Oh, I kept the first for another day!
Yet knowing how way leads on to way,
I doubted if I should ever come back.
I shall be telling this with a sigh
Somewhere ages and ages hence:
Two roads diverged in a wood, and I—
I took the one less traveled by,
And that has made all the difference.
If anyone wants to see the stanzas corrected, go to http://newbohemiansnet.spaces.live.com/
Does anyone know how to get html to make double line breaks so I can create five line stanzas of this poem? Double paragraph symbols doesn't work.
This, perhaps most quoted of Frost poems, seems most descriptive of the method we have found most productive, joyous and adventurous for our leaf color searching.

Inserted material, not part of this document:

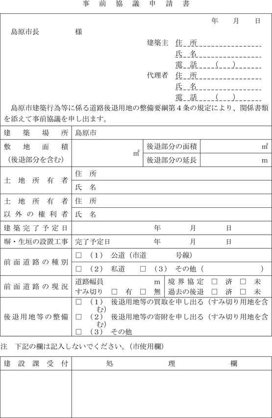 第4条 建築主等は、前条の土地に建築行為等を行おうとする場合は、事前(建築確認申請を要する建築行為等にあっては建築確認申請をする前)に、道路後退用地の整備、管理及び帰属等について、事前協議申請書を市長に提出し、協議するものとする。

Besides, we're in Frost country, though I'd imagine it's changed a bit, but his muse might as well be our muse while wandering Vermont.
Our method: We take any dirt or gravel road that promises color and views, and avoids the hordes of leaf peepers along the red highways where the color is far away, pale and dissappointing. Our new (one year old soon) Winnebego View motorhome, is skinny enough, and short enough, to go places few dare tread; even the scant cars we meet, and skinny up to pass, are slack-jawed at our audacity. But, we know our Turtle and where he can go and, usually, where he cannot.
We also often sus-out a place to park near the high point, and best color, of a Green Mountain crossing, and thus are at the best place to utilize the warm colors of morning and evening; even one rainy morning, and one foggy, proved lovely in a way that could not be had by the time most people were having their first coffee. We begin our quest after one early cuppa and stop for breakfast later, since the milk is always in the refrigerator with us anyway, and the stove always at the ready to produce cuppa number two.
This motorhome is much better built than our first, and takes the shaking of dirt roads very well; all the cabinets are still tight and nothing rattles except our accumulated stuff.